On 17/12/2006, at 11:15 PM, Paul Lutus wrote:
> Henry Maddocks wrote:
>
>> Sorry, try again...
>>
>> Not sure where to send this, sorry if it's not the right place...
>>
>> The html in the attached file renders 'correctly' in the 3 browsers I
>> have tried but it tricks hpricot because of the second malformed
>> comment. When I say correctly I mean I get to see 'Some text'. I
>> guess it could be argued that this is incorrect. For my application
>> it would be nice if hpricot behaved like a browser.
Paul,
before I address your response directly I will say that I am aware of
your crusade against html parsing libraries and while I believe you
are entitled to your opinion, I disagree with it. I have done enough
of this sort of thing to know that, for me, the level of abstraction
that these libraries gives is both beneficial in development time and
maintenance. I am neither an html nuby, nor a ruby nuby. I am also
aware that my needs may not match those of some one else so I'm not
going to ram my opinions down there throat every time they ask for a
little help.
> You have created a new thread, and you have not attached any prior
> text.
> This requires us to start over.
As this is the first time I have posted on this subject, that much is
obvious. Unless I am missing something.
> Tell us what you hoped would happen, what happened instead, and how
> they
> differ.
Run the script and that too will be obvious.
> If your goal is to filter particular content from HTML pages, just
> say so,
> and be specific about what you want and don't want.
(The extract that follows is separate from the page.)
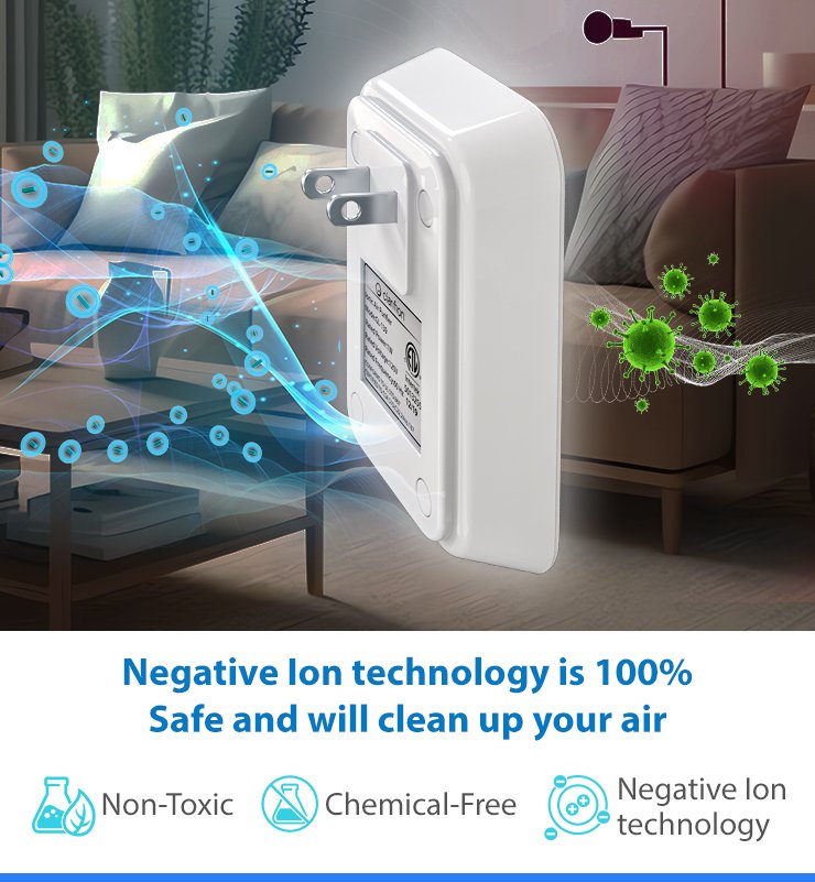 Negative Ion technology is 100% safe and green technology that will help clean up your air without any toxicity or chemicals.

Given this
> information,
> I will show you how to extract the desired content with a few lines of
> Ruby, no fuss, no undue complexity, no Hpricot.
My goal is to highlight an issue I found with a particular library
and provide some sample code that shows the problem with the minimum
amount of code. I posted it here so that there may be some discussion
with interested people as to the desired behaviour.
> IIRC, you had asked for help using Hpricot to extract text between
> <p> and
> </p> tag pairs, but with the added requirement that there be an IMG
> tag
> within the <p> ... </p> tag pair to validate the case. Is this
> still the
> goal? If so, how did my previously posted, simple solution work out
> for
> you?
What IMG tag? There isn't one in the sample code. What previous
solution? You do not recall correctly.
> This is a scene in a much larger play, one in which someone says,
> "Wow, I
> had no idea there was such a powerful library, so carefully
> designed, so
> complete. But, notwithstanding its extraordinary features,
> notwithstanding
> the hundreds of man-hours expended creating it ... I can't get it
> to do
> what I want."
The incident that that prompted my post went thus...
I had a page that seemed to render fine in a browser but when parsing
it my code failed. I inspected the html and found a malformed comment
to be the problem. Probably put there to stop screen scraping. I
wrote a bit of code, using regexps no less, that removed the
offending comment and hpricot then went on it's merry way. Job done.
I thought others may be interested so I posted some sample code. I am
now regretting that decision.
> This is a very common refrain. I think I can solve your problem
> with a few
> lines of Ruby code, code that you can easily understand and adapt to
> specific and evolving requirements. And if I cannot do this, I will
> say so.
I could too, but I don't care.
> --
> Paul Lutus
Thanks for hijacking my thread. Thanks for nothing.